Chilton concluded by addressing the great stakes if the laws governing guilt and innocence were not “upheld in integrity and truth and independence”, then we can say “Farewell to all the blessings of a free government, and soon will follow that which is so much dreaded – the dissolution of the Union; soon will follow a revolution of all the practices, all of the precedents, of all the conservatism which binds us together”.
Andrew Hunter rose for the Commonwealth. Governor Wise might have declared “martial law” and administered “drum-head justice”, but instead the Governor took the “high conservative ground” of which Virginians were “justly proud”, Hunter argued.

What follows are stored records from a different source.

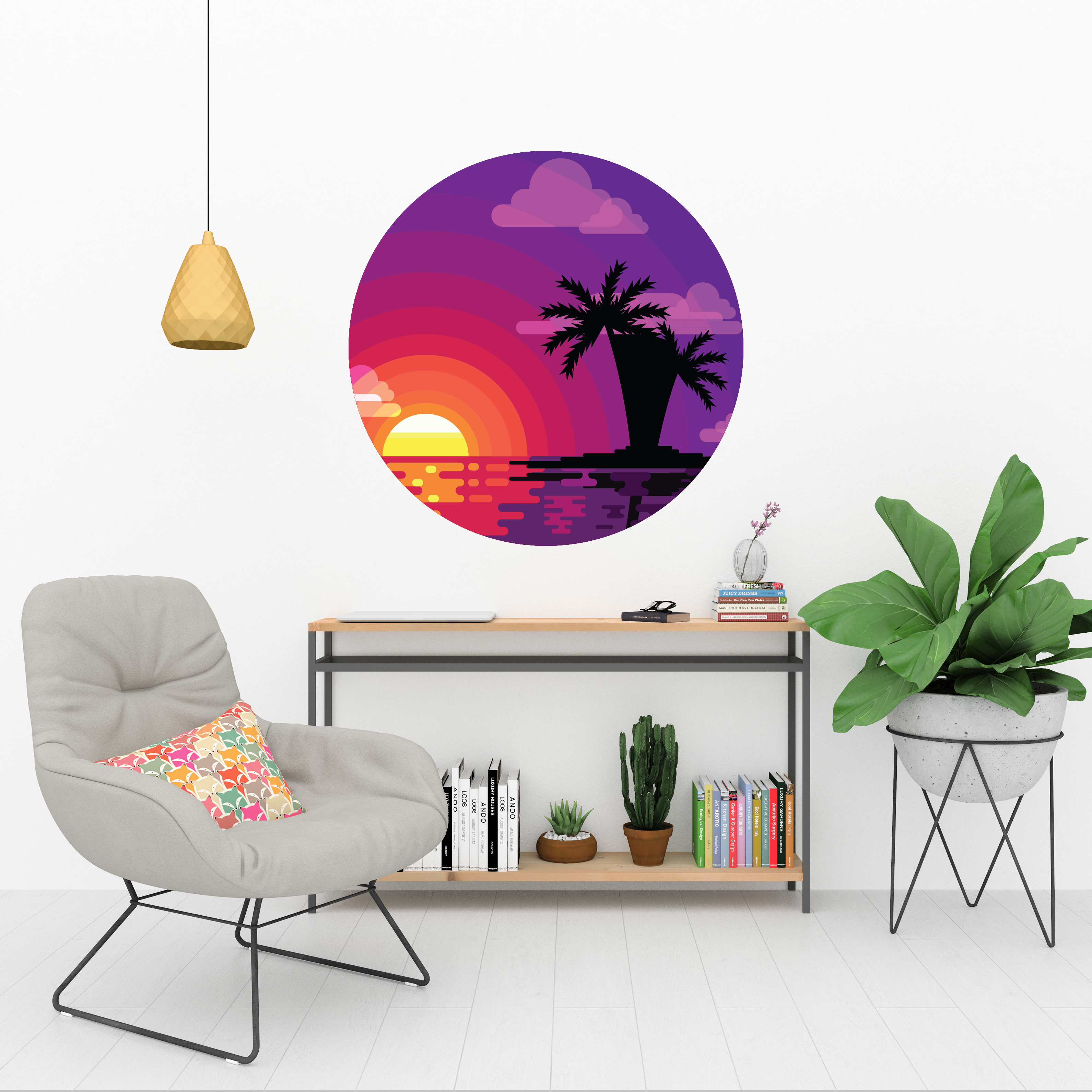 Tropikal Palmiye Ağaçları Yuvarlak Sticker, Yuvarlak Şekilli Duvar Stickerı, Yaz Gün Batımı Duvar Stickerı (KSS-STCK-Y-05)
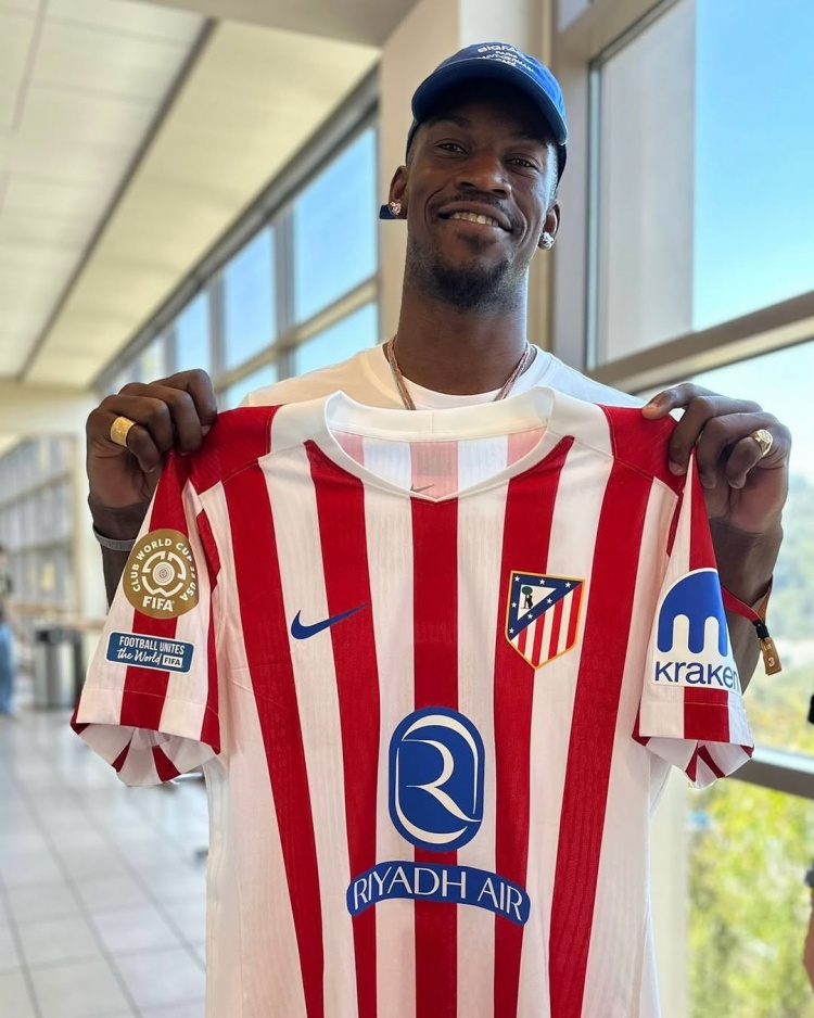 “在第一顺位,马竞选中吉米-巴特勒。”马竞官方IG在图片旁边调侃。
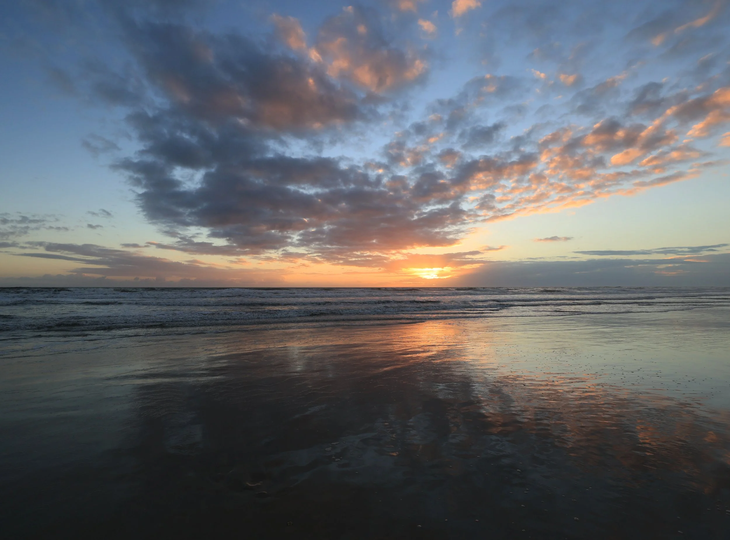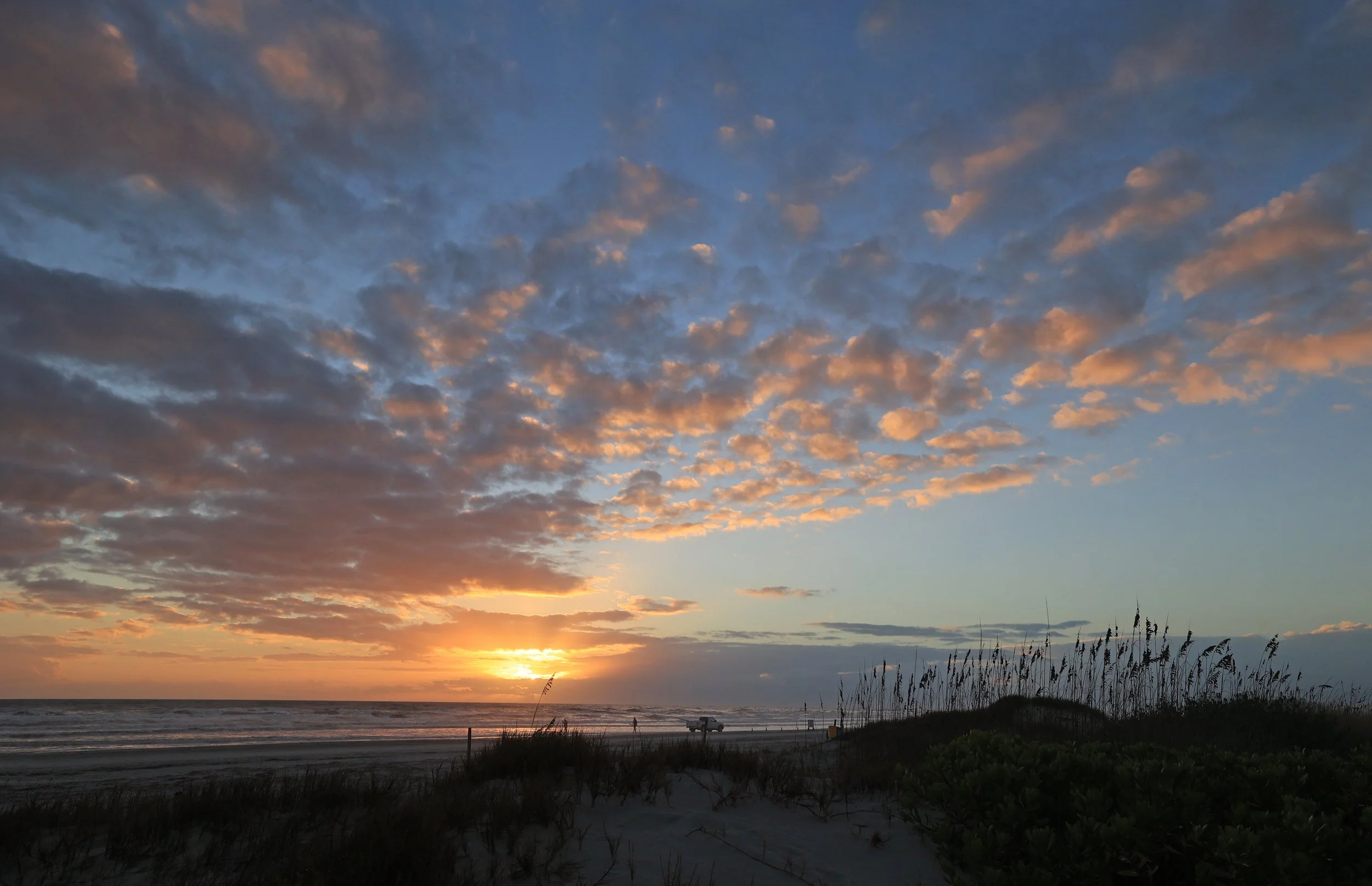 The sunrise was a slow cooker this morning but when it came up, it was a stunner! The fluffy clouds stretched across the sky as they soaked up the pastel color show. The loud ocean was churning with intensity tossing salty sea foam in the air.

The Verdict and Allocution
Foreman John C. Wiltshire announced the verdict: “Guilty. Guilty of treason and conspiring and advising with slaves and others to rebel and murder in the first degree”. The Clerk ordered Brown to stand and “say why sentence should not be pronounced upon him”. John Brown rose:
This court acknowledges, as I suppose, the validity of the law of God. I see a book kissed here which I suppose to be the Bible, or at least the New Testament. That teaches me that all things whatsoever I would that men should do to me, I should do even so to them. It teaches me, further, to “remember them that are in bonds, as bound with them.” I endeavored to act up to that instruction. I say I am yet too young to understand that God is any respecter of persons. I believe that to have interfered as I have done–as I have always freely admitted I have done–in behalf of His despised poor was not wrong, but right. Now, if it is deemed necessary that I should forfeit my life for the furtherance of the ends of justice, and mingle my blood further with the blood of my children and with the blood of millions in this slave country whose rights are disregarded by wicked, cruel, and unjust enactments–I submit; so let it be done!
Ironically Brown’s brilliant allocution could serve as the template for those who demand military justice today. Brown’s elevation to martyrdom could be cited as reason for why we should not afford our enemies today the same rights that slaveholders afforded their mortal enemies as our national fiery trial approached.
Justice was shockingly swift, the outcome a virtual certainty. Brown – the implacable enemy of slavery – had slave holders appointed as his counsel. Yet they had performed diligently, loyally, and competently, following their client’s instructions. Their diligence extended to their independence – raising issues to which their client objected – such as that of sanity. Although Hoyt and Griswold did not face opprobrium in the increasingly sympathetic north, Samuel Chilton, a lawyer working for a fee – did. His defense of the enemy of all who sought to defend Virginia’s republican slavocracy certainly risked local opprobrium, even as it merited the historian’s commendation.
Whoever today represents Khalid Sheikh Mohammed and his cohorts (whether civilian or officer in the chain of command in the Judge Advocate General Corps) could do far worse than to follow the example of Thomas Green, Lawson Botts, Charles Faulkner, George Hoyt, Hiram Griswold and Samuel Chilton.
George W. Conk is an Adjunct Professor of Law and Senior Fellow at Stein Center for Law & Ethics, Fordham Law School.